Every now and then I get an email from a student asking, Angela, I’ve recently lost a loved one and haven’t been able to paint since it happened. Do you think I’ll ever be able to paint again?

It’s incredibly humbling to receive an email like this, and I can’t tell you how much I treasure your trust, when you open your hearts to me in your messages. I don’t have answers, but I’m so blessed to be able to listen and share with you in a small way. In my own times of pain, I’ve seen creativity ebb; it seems there’s no feeling more helpless than living in the grip of grief. I have felt like a small boat on a rolling sea, tossed and set adrift, with no choice but to ride the waves and hope the storm will end soon.

When you go through a traumatic or painful event, you might also experience a time of creative drought. Grief and pain have a power that cannot be ignored or avoided, and while logic might suggest that making art would provide an avenue for healing, sometimes you just might not feel like you can pick up your brush again. If making art has previously brought you joy, it might almost feel obscene to retreat into art while grieving deep loss.

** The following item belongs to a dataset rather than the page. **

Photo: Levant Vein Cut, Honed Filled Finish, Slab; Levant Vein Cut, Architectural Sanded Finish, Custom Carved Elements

Don’t feel guilty if you find yourself unable to paint during a difficult time! You don’t need that added weight. Just as grief follows stages through the healing process, and we don’t get to choose how long it takes to process our pain, we need to allow our creativity the same time and space, free of guilt.

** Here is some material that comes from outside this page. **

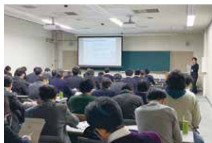
▲Scenes from the luncheon seminars at 2019 Spring Meeting.

I’m not great at dealing with pain. I would so much rather deny my struggles, and pretend everything is okay until things improve. When I am grieving, I often find myself “stuck” in the studio, trying to paint something that reflects the joy and calm I wear on the surface. That doesn’t work for me! I can’t manufacture an emotion in my painting that I’m not feeling in my heart. This doesn’t mean I only paint when I’m happy, but it does mean that when I’m overcome by something bigger than myself, I need to give myself space to work through whatever that is.

When you don’t feel like can paint, try:

  • Looking through past paintings, exploring and remembering your feelings when you created them.

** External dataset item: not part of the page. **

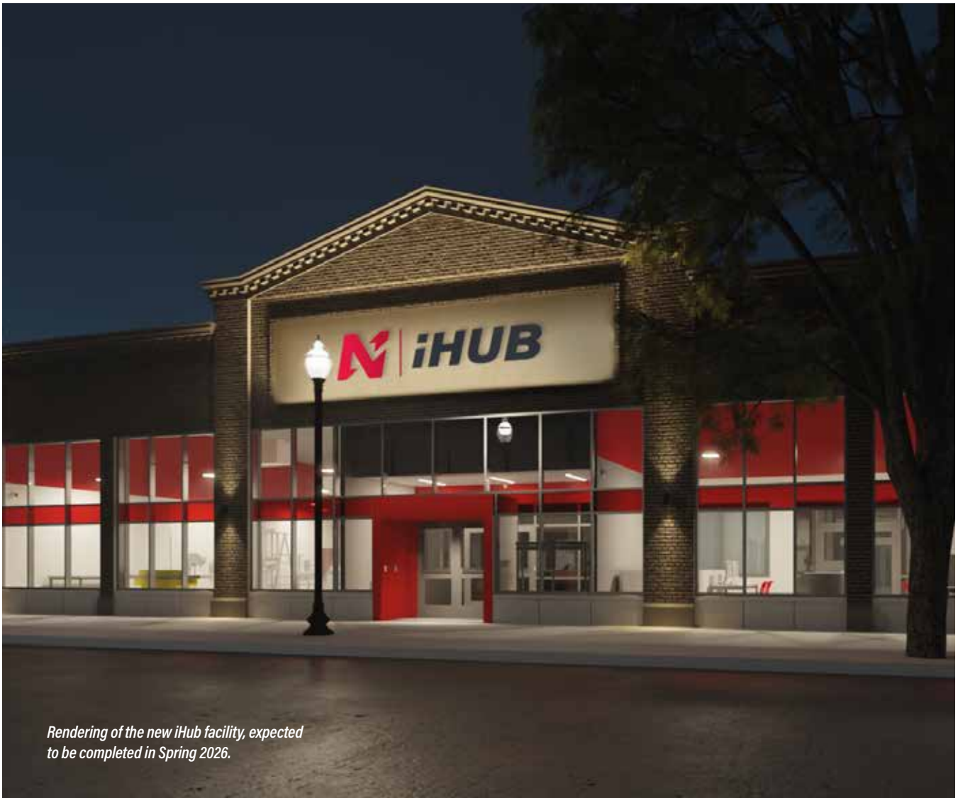
Rendering of the new iHub facility, expected to be completed in Spring 2026.

  • Create a scrapbook or Pinterest board of ideas, images that appeal to you visually, colours you love.

  • Sort reference photos into categories.

  • Organize your supplies and donate extra or unused materials to charity. Organizing supplies is actually very beneficial, a small bit of order created in a world that may feel upside down. Organizations for young people (like Girl Guides) may appreciate donations of art supplies.

  • Visit an art gallery or botanical garden; a beautiful space with a calming environment. Give yourself time to sit and reflect.

  • Set up a comfortable seating area in your artistic space, with a notebook at hand for journaling or sketching and a book that has inspired you. Choose a time and sit there daily, looking and reflecting. Write if you wish. Sketch if you want. Read a little if the spirit moves you, but don’t feel obligated. This is your time to let your soul lead, and when you are ready, you will create again.

  • If you feel you must start creating again, whether you feel like it or not, set small goals. 5 minutes, or a postcard sized piece of paper. Or take a class in a creative discipline you’ve never tried, and let the instructor and your classmates help you move ahead again.

  • Get help. Please don’t try to go through tough times alone. Making choices to move toward healing means knowing you can ask for help.

I can’t share your boat, but as you ride the waves, know you are not the only one.